What are tokens and how they are calculated?
Tokens, the building blocks of words, play a crucial role in Open AI API processing. These units comprise about 4 characters or ¾ words in English. Here are some helpful rules of thumb for understanding tokens in terms of lengths:
- 1 token ~= 4 chars in English
- 1 token ~= ¾ words
- 100 tokens ~= 75 words
- 1–2 sentences ≈ 30 tokens
- 1 paragraph ≈ 100 tokens
To understand tokenization, you have the option of utilizing an interactive Tokenizer tool. This tool not only enables you to compute the token count but also provides insights into the segmentation of text into tokens.
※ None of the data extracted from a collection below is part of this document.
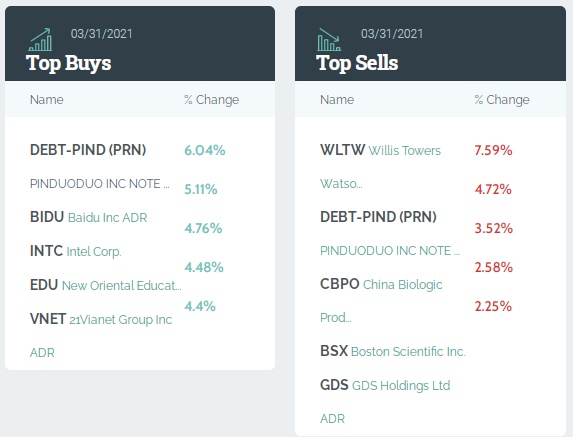 从持仓比例变化来看,前五大买入标包括百度ADR、英特尔、新东方和世纪互联。前五大卖出标的包括Willis Towers Watson PLC(WLTW.US)、泰邦生物(CBPO.US)、波士顿科学(BSX.US)和万国数据ADR。
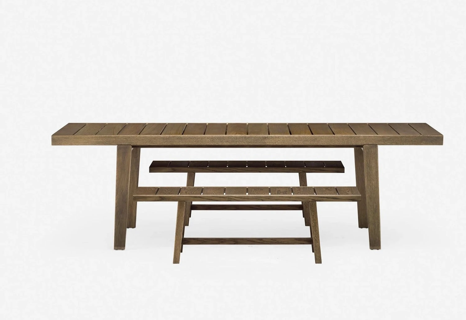 The collection includes solid wood tables, chairs and a bench, all with a beautifully minimal and modest aesthetic. A fully versatile range, suitable for any outdoor space.
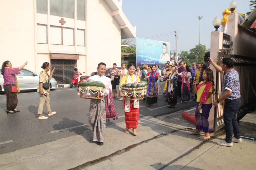 ทั้งนี้ ก่อนพิธี หัวหน้าส่วนราชการ ข้าราชการ เครือข่ายชาวมอญและสภาวัฒนธรรมจังหวัดปทุมธานี ได้จัดขบวนแห่ข้าวแช่จากบริเวณหน้าศาลากลางปทุมธานี (หลังเก่า) ประกอบด้วยวงกลองยาวและนางรำ เคลื่อนขบวนเพื่อทำพิธีส่งข้าวแช่พ่อเมืองปทุมธานี ซึ่งถือเป็นประเพณีที่เป็นเอกลักษณ์พิเศษเฉพาะของชาวรามัญในจังหวัดปทุมธานีที่สืบทอดกันมาตั้งแต่ปี พ.ศ.2552 ในช่วงเทศกาลสงกรานต์ ที่จะมีการส่งข้าวแช่ให้แก่ผู้ใหญ่ที่เคารพนับถือ ซึ่งในที่นี้ หมายถึง “ผู้ว่าราชการจังหวัด” หรือ “พ่อเมือง” ถือได้ว่า จังหวัดปทุมธานี เป็นจังหวัดเดียวที่มีประเพณี “ส่งข้าวแช่พ่อเมือง”

Alternatively, for programmatic tokenization, consider employing Tiktoken — an efficient tokenizer designed specifically for OpenAI models.
Why Token calculation is important?
The token consumption in a single API call varies depending on the chosen LLM (Large Language Model).
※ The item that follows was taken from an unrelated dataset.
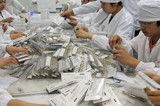 5月20日,江蘇常州方圓制藥有限公司正加緊生產(chǎn)災(zāi)區(qū)急需的抗生素。5月13日至今,該公司已捐贈價值300多萬元的藥品。
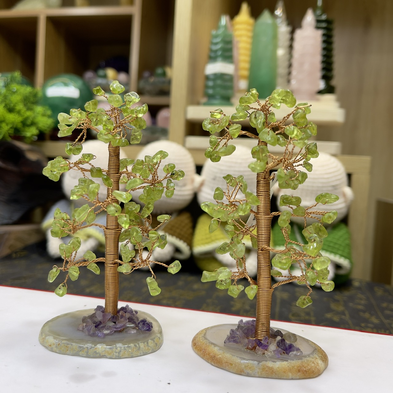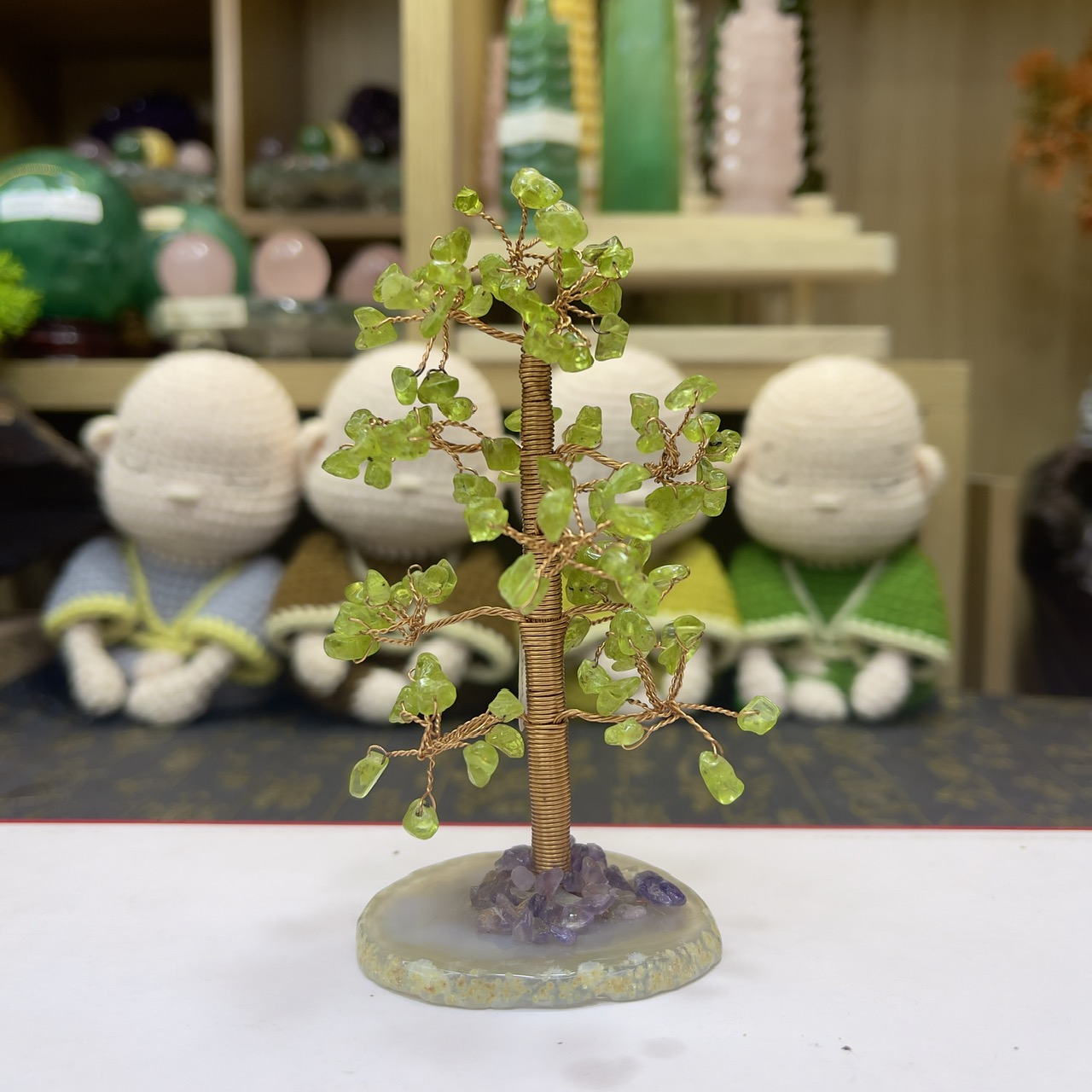 - Trang trí nơi làm việc: Đặt cây tài lộc đá Peridot trên bàn làm việc của bạn để tăng cường năng lượng tích cực và sự tập trung. Kết hợp với các phụ kiện làm việc màu xanh lá cây hoặc màu tươi sáng để tạo ra một không gian làm việc tràn đầy năng lượng.

For instance, when utilizing gpt-3.5-turbo, there is a maximum limit of 4,096 tokens for both the input prompt and the completion. If the input prompt already uses 3,500 tokens, the remaining capacity for the completion/output response is restricted to 596 tokens.
This underscores the importance of managing token usage effectively to stay within the specified limits of the chosen language model.
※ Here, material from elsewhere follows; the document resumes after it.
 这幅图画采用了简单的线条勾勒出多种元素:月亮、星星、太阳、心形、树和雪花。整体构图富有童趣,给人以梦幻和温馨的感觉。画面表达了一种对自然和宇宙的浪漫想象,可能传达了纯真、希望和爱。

Cost calculation using LangChain
To calculate the token consumption in prompt as well as in completion as well as the cost using LangChain you can simply leverage the callback function provided by LangChain. For example
from langchain.chains import LLMChain
from langchain_community.chat_models import ChatOpenAI
from langchain.prompts import PromptTemplate
from langchain.callbacks import get_openai_callback
import os
os.environ["OPENAI_API_KEY"] =<Your Open AI Key>
llm = ChatOpenAI(model_name="gpt-3.5-turbo")
template = """Question: {question}
Answer: Let's think step by step."""
prompt = PromptTemplate(template=template, input_variables=["question"])
llm_chain = LLMChain(prompt=prompt, llm=llm)
with get_openai_callback() as cb:
question = "How to create a red sauce pasta"
llm_chain.run(question)
print(cb)
---------
Output:
Tokens Used: 349
Prompt Tokens: 26
Completion Tokens: 323
Successful Requests: 1
Total Cost (USD): $0.000685
If we closely look at the above output and let’s try to calculate the cost with pricing for model gpt-3.5-turbo as for input token pricing $0.0015 / 1K and for output $0.0020 / 1K tokens.
Total cost : (($0.0015 * 26)+($0.0020*323))/1000 = $0.000685
Bingo! The cost obtained from the LangChain callback function aligns with the cost that we had calculated manually by using Open AI standard pricing.
Let’s contemplate a scenario where we have entered into an enterprise deal with OpenAI, securing a 10% discount on the standard pricing. The question at hand is whether Langchain possesses the capability to integrate this discounted price into its calculations.
Custom pricing for token in LangChain
As observed, we have a discount applied to the standard pricing. Now, let’s explore the adjustments needed in the LangChain functions to seamlessly integrate this custom pricing.
To begin, we must create a custom callback function to incorporate our specific pricing. Let’s name this custom callback function ‘get_custom_openai_callback.’ Additionally, we have established the ‘OpenAICustomCallbackHandler’ class, inheriting from ‘OpenAICallbackHandler.’ Now, let’s proceed to override the ‘on_llm_end’ function within this custom callback handler.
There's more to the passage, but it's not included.